[Records from a data collection]
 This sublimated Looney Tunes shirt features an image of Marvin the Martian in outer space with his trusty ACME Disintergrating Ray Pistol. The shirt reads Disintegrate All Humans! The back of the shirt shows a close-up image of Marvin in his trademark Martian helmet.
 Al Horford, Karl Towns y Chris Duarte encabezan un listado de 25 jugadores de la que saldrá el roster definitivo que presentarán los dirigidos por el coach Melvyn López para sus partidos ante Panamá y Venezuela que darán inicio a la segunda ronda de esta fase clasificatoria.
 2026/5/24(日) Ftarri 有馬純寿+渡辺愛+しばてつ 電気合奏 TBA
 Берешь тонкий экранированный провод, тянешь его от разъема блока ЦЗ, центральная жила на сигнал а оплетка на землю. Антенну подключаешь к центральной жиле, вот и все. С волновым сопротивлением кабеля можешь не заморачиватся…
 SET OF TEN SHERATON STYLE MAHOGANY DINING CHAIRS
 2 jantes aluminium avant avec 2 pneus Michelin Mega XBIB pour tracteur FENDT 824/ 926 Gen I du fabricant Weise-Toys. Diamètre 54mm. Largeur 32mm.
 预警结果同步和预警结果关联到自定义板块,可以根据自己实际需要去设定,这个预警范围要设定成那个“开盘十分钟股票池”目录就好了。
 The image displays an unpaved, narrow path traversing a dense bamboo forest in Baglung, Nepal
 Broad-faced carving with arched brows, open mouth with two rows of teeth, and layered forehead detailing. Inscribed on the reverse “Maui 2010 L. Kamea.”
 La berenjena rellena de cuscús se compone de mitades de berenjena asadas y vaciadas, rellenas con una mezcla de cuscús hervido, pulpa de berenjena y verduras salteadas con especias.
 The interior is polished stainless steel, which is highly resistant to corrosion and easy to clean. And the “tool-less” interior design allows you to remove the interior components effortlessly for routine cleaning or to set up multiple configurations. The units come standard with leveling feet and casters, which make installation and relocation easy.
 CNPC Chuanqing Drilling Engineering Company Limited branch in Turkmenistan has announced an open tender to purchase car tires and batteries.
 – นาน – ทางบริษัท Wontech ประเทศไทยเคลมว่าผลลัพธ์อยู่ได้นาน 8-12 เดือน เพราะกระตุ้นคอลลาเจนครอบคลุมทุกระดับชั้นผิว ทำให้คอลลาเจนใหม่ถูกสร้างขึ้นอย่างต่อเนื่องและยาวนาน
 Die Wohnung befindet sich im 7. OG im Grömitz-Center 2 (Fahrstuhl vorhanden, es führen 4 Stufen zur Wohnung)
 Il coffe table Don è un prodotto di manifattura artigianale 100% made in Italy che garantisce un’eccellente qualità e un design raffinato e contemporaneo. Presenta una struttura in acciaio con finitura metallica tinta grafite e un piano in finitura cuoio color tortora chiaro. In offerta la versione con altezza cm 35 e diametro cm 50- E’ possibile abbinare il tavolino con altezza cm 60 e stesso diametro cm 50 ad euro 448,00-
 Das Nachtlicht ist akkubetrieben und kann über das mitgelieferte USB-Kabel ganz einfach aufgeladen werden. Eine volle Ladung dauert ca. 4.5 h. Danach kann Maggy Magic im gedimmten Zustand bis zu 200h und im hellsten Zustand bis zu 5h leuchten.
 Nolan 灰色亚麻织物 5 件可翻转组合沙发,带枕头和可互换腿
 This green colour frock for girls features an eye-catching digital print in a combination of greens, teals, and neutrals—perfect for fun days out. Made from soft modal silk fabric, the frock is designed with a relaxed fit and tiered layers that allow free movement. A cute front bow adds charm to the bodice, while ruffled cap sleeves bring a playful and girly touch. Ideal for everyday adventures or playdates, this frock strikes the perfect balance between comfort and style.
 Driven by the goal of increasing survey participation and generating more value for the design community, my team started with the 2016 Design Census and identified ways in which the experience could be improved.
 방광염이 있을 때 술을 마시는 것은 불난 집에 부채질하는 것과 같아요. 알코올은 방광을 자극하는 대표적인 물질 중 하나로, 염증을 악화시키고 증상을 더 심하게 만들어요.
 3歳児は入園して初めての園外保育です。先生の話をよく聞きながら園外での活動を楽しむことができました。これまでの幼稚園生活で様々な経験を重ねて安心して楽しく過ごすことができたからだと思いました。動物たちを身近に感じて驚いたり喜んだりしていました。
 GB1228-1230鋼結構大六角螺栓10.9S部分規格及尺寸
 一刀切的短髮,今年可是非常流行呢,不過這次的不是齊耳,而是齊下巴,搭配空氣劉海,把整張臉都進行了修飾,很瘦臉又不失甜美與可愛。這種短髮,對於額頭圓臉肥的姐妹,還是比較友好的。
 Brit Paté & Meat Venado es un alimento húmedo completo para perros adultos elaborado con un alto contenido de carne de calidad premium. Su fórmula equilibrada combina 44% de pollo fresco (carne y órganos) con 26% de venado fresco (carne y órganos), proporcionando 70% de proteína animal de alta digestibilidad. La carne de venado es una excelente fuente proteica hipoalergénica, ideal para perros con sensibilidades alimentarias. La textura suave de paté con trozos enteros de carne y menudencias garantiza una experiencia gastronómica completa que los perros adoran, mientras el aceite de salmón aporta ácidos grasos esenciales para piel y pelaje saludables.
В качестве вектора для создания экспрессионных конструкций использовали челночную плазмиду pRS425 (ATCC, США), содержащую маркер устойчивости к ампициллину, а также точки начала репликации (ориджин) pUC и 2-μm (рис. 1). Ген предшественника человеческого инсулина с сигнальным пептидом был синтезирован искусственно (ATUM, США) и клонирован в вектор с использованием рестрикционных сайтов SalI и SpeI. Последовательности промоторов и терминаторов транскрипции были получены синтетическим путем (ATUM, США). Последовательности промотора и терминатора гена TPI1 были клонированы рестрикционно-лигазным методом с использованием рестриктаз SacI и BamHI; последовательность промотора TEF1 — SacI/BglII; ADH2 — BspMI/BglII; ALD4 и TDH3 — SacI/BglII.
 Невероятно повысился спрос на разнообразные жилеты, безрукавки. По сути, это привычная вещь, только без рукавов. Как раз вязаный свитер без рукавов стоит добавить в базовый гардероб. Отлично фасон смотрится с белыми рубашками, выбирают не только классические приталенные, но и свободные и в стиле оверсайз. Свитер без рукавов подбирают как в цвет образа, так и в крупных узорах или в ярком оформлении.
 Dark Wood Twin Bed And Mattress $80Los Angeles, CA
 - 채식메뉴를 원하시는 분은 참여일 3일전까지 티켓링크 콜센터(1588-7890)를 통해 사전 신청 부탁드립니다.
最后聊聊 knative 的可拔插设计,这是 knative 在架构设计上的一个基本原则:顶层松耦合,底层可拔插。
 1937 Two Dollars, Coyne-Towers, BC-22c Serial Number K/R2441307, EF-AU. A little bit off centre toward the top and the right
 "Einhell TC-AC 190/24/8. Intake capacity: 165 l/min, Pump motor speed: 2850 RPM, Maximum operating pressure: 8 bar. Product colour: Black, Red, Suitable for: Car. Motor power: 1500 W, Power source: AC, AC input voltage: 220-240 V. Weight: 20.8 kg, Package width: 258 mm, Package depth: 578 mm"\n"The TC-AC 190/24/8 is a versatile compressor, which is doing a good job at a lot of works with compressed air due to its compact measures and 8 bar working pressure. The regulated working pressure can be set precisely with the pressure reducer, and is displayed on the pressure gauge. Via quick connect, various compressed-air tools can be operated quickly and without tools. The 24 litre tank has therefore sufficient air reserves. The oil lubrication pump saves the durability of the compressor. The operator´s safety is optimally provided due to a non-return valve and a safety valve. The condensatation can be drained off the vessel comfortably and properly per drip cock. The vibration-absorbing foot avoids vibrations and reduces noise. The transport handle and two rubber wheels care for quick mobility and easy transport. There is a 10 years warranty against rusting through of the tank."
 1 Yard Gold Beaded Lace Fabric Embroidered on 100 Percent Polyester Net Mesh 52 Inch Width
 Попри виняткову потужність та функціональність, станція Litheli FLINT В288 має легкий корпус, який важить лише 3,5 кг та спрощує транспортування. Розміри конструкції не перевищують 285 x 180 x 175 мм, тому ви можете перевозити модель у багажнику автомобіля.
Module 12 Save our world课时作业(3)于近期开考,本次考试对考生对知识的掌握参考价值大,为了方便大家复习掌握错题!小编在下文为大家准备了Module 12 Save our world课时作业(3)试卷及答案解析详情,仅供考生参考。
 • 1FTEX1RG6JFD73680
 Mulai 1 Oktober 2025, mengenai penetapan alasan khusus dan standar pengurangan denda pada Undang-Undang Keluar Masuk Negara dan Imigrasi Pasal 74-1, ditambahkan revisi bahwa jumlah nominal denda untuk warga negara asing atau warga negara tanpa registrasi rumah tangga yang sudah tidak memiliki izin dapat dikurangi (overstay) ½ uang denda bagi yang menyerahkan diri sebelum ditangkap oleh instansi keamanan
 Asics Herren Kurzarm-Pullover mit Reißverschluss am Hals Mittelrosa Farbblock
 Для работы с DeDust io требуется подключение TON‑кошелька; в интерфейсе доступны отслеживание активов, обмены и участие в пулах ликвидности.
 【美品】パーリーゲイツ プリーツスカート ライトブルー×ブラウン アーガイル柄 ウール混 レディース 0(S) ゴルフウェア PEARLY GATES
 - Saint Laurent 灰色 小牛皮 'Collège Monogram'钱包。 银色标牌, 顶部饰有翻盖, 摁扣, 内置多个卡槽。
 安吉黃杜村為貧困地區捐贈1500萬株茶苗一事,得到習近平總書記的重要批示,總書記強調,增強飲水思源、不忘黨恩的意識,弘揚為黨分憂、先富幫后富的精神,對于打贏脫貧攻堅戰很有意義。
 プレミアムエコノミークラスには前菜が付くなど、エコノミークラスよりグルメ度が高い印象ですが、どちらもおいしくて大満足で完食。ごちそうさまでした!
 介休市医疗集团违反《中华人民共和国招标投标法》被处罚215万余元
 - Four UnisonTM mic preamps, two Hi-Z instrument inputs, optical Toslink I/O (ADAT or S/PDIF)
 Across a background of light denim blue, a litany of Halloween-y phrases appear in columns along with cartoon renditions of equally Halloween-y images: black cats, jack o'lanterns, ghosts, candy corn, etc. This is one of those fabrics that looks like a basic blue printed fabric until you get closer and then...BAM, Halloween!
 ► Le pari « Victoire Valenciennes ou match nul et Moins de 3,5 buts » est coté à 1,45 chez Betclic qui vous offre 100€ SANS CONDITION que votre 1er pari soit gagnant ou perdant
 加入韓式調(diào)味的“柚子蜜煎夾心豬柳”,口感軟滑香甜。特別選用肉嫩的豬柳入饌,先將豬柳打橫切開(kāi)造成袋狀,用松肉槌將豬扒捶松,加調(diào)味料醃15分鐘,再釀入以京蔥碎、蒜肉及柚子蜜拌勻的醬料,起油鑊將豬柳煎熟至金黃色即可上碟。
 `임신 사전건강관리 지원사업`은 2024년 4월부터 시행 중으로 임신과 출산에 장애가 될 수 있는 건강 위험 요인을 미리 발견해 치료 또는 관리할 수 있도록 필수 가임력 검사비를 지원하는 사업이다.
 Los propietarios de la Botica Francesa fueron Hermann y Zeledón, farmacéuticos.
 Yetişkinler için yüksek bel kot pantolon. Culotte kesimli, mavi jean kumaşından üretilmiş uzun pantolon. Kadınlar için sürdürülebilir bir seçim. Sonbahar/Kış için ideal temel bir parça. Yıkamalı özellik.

TASK DETAILS
Copy the records above exactly, from the first line through the line containing "Al Horford, Karl", and include nothing else.

ANSWER BELOW
 This sublimated Looney Tunes shirt features an image of Marvin the Martian in outer space with his trusty ACME Disintergrating Ray Pistol. The shirt reads Disintegrate All Humans! The back of the shirt shows a close-up image of Marvin in his trademark Martian helmet.
 Al Horford, Karl Towns y Chris Duarte encabezan un listado de 25 jugadores de la que saldrá el roster definitivo que presentarán los dirigidos por el coach Melvyn López para sus partidos ante Panamá y Venezuela que darán inicio a la segunda ronda de esta fase clasificatoria.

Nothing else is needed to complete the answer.